Binding energy calculations

We utilized official Python bindings of FoldX (pyfoldx) to calculate peptide-receptor binding free energies. Using the wild-type complex structure as a template, we first optimize the structure using FoldX’s repair function for energy minimization. We then calculate the binding free energy of wild-type peptide (ΔG_wild-type) using the getInterfaceEnergy function. For each mutant, the following steps were executed: (i) mutation site identification through sequence alignment; (ii) stepwise introduction of amino acid substitutions; (iii) local energy optimization following each mutation; (iv) global relaxation of the fully mutated complex. The binding free energy of each mutant (ΔG_mutant) was then computed with getInterfaceEnergy, and the binding energy difference (ΔΔG = ΔG_mutant- ΔG_wild-type) was determined. Here, ∆G_mutant refers to the binding energy of the mutant complex itself, while ∆G_wild-type refers to that of the wild-type complex. During dataset expansion, we established robust classification criteria based on prior studies. Following Wu et al.⁴⁰ definition, in which ΔΔG = ± 1 kcal mol⁻¹ indicates comparable binding affinity, we adopted a more stringent threshold (ΔΔG ≤ 0.5 kcal mol⁻¹) to identify favorable mutations. These were labeled as high-potency mutants (positive samples) in our training dataset. For low-potency mutants (negative samples), we applied a conservative cutoff (ΔG_mutant > 0 kcal mol⁻¹) to reduce the likelihood of false negatives and enhance dataset reliability.

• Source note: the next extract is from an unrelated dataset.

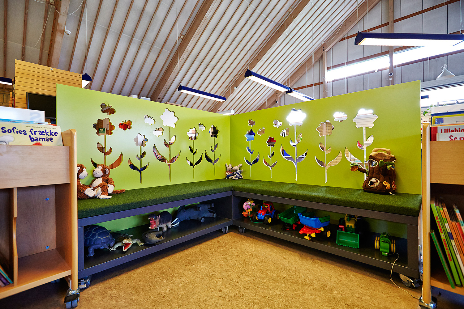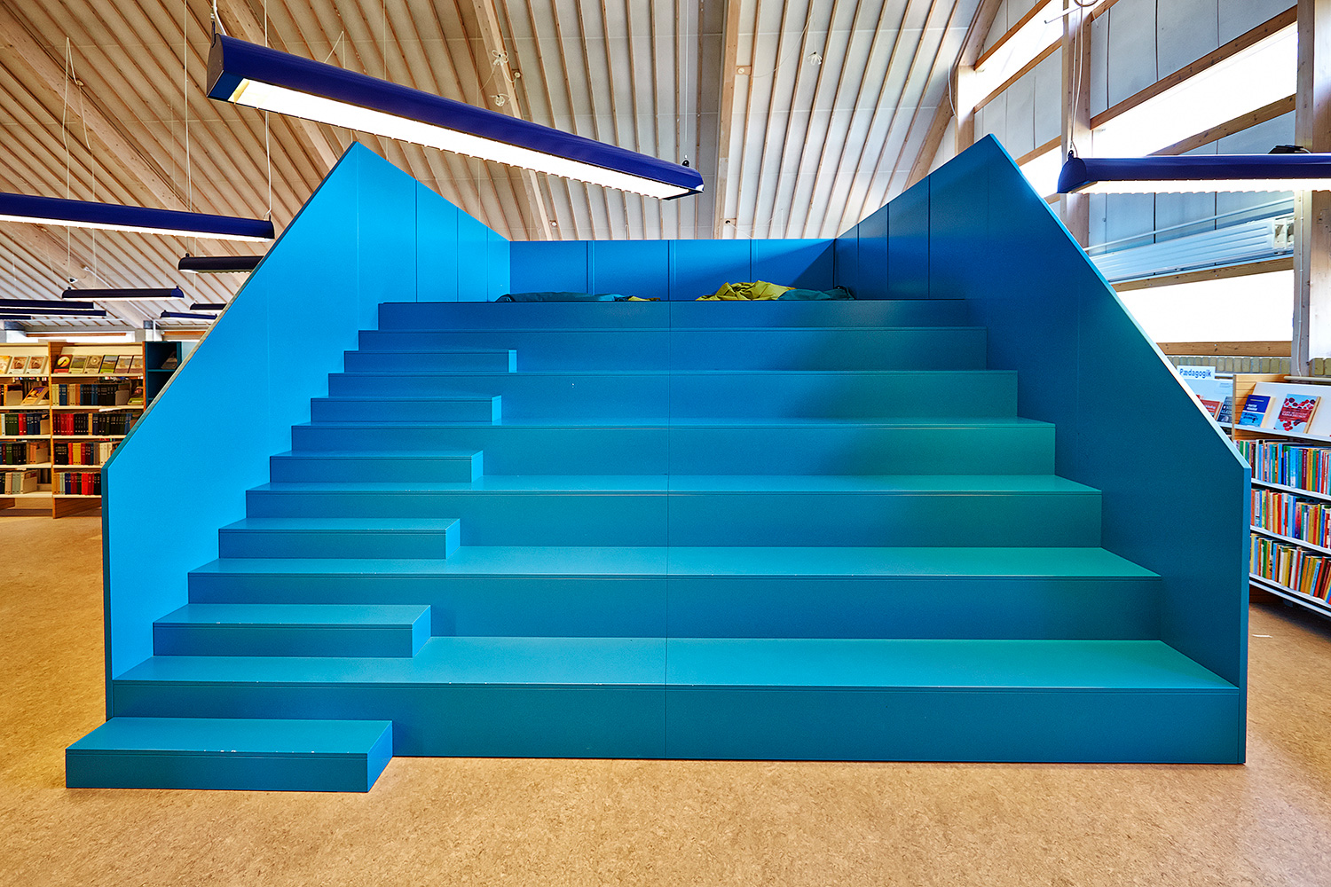 Eén van deze op maat gemaakte meubelen is een mooi en multifunctioneel trapmeubel. Het meubilair bestaat uit een ruimte waar u een goed boek kan lezen, een brede trap waar u kunt zitten en lezen, en een platform, waar u kunt ontspannen in een zitzak. Met zijn gesleufde buitenkant fungeert hij ook als een boekentoren. Ook het gedeelte voor de kinderen heeft aangepast meubilair.

Molecular dynamics simulations of mutants CP_α7_1 and CP_α7_6 with hα7 nAChR

The initial complex structures of the CP_α7_1 and CP_α7_6 mutants bound to the hα7 nAChR were predicted using AlphaFold3. Based on this structure, the C-terminal amidation modifications of the mutants were performed using PyMOL. MD simulations were performed with the AMBER 22 software package using the ff19SB force field⁵¹. Each complex was solvated in a truncated octahedral periodic box. The system was initially heated from 50 to 300 K over 100 ps in the NVT ensemble, with the solute restrained by a harmonic force of 5 kcal mol⁻¹ Å⁻². Subsequently, the simulation transitioned to the NPT ensemble, during which the harmonic restraints were gradually reduced from 5 to 0 kcal mol⁻¹ Å⁻² over another 100 ps. For the production phase, a 50 ns MD simulation was carried out with the temperature and pressure maintained at 300 K and 1 bar, respectively. After the MD simulation, the MD trajectories were analyzed using VMD (http://www.ks.uiuc.edu/), and root mean square deviation (RMSD) values were calculated to assess structural stability.

Peptide synthesis and purification

The linear peptide was synthesized on a 0.1 mmol scale using solid-phase peptide synthesis (SPPS) with Rink-Amide resin. After swelling and deprotecting the resin using 20% piperidine for 2 h, Fmoc-protected amino acids were coupled using HCTU (4.0 equiv) and DIPEA (8.0 equiv) for 1 h, followed by deprotection with 20% piperidine for 30 min. Between each step, the resin was washed three times with DMF and twice with DCM. For peptides containing two disulfide bonds, regioselective oxidation was achieved by incorporating Fmoc-Cys(Acm)-OH at the CysI and CysIII positions and Fmoc-Cys(Trt)-OH at CysII and CysIV positions. Following peptide chain assembly and terminal Fmoc removal, the peptide was cleaved from the resin using TFA/TIPS/H₂O (90:5:5) for 3 h, concentrated, precipitated in cold ether, and analyzed by LC-MS. The first disulfide bond was formed by slowly adding 0.8 equiv of 2,2’-dithiodipyridine in 10 mL of methanol to the crude peptide solution over 30 min with constant stirring. The product was purified by preparative RP-HPLC. Subsequently, iodine (5 equiv) was used to simultaneously remove the Acm protecting groups and facilitate disulfide bond formation between CysI and CysIII. The reaction was quenched with ascorbic acid until the solution became colorless. All crude peptides were purified by semi-preparative RP-HPLC on a C18 column using a gradient of 0.05% TFA in H₂O/MeCN (flow rate: 6 mL min^-1) with the following gradient: 0 min, 100% solvent A; 5 min, 85% solvent A; 20 min, 70% solvent A; 40 min, 60% solvent A solvent A: H₂O/MeCN (90:10, v/v); solvent B: H₂O/MeCN (10:90, v/v). The purity and molecular weight of the final products were confirmed by analytical RP-HPLC and LC/MS, respectively. All peptides had a purity of greater than 95% (Supplementary Figs. 8–30).

Circular dichroism (CD)

At room temperature in a nitrogen atmosphere, the CD spectrum was measured using a Jasco J-810 spectropolarimeter with wavelengths between 300 and 185 nm, with a 1.0 mm path length cell, 1.0 nm bandwidth and a response time of 2 s, averaging three scans. All peptides were dissolved in water at a concentration of 0.15 mg/mL (Supplementary Figs. 31 and 32).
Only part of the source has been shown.